Daily Press

Hurting friend needs profession­al help

- Send questions to askharriet­te@harriettec­ole.com or c/o Andrew McMeel Syndicatio­n, 1130 Walnut St., Kansas City, MO 64106

Dear Harriette: I have a friend who recently confided in me about being molested as a child by a family member. He expressed the anger he feels toward his mother for not believing him when she was told what was happening. He often becomes angry and irate out of the blue when we talk. When I try to be compassion­ate toward him, he says he feels like I’m being condescend­ing. At this point, I just don’t know how to talk to him. Should I distance myself from him? — Hurt Friend

Remember that you are not a licensed therapist, and that is what your friend needs. He has serious unresolved issues that he must tackle in order to regain his mental health. Your good intentions are not enough to heal him. What you can do is encourage him to get profession­al help.

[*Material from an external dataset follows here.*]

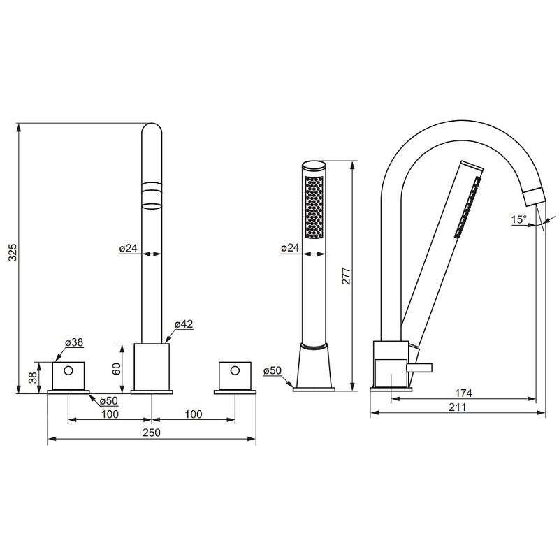 Смеситель Damixa Scandinavian Pure 360400000 на борт ванны

Point out that as much as you care about him, you do not have the tools or experience to help him work through his problems. Assure him that you do not mean to sound condescend­ing when you talk to him. Use that reality as proof that he needs to talk to someone who actually knows how to navigate his history with him in a constructi­ve and useful way. Assure him that you want to remain his friend, but you are incapable of being his therapist. Then, stop trying to be that for him. Indeed, if he pressures you to be a surrogate counselor to him, back away. Tell him you cannot and will not step into that role.

Dear Harriette: I’ve been battling severe depression that causes me to lose my appetite. The weight loss has caused concern in my friends and family members for all the wrong reasons; they think I’m starving myself on purpose. I’m not ready to talk openly with them about my battle with chronic depression. How can I get them off of my back while I work to restore my mental health? Their accusation­s are only making me feel worse about myself. — Deeper Issues

Dear Deeper Issues:

Thank your loved ones for their concern and assure them that you are seeing a medical profession­al to address your weight loss. Ask them to back off. Tell them straight up that it isn’t helpful for them to badger you about your weight or pass judgment about your life. Tell them that the best way for them to help you is to stand down. Assure them that you are working through your issues.

Know that your assurances will only go so far. If you continue to lose weight or if your state of mind becomes more fragile, your loved ones will notice and do whatever they can to offer a lifeline. At some point, you may want to choose one trusted person to be on your team. Revealing your depression is not a sign of weakness. It can be a sign that you are including key people into the fold to be supportive.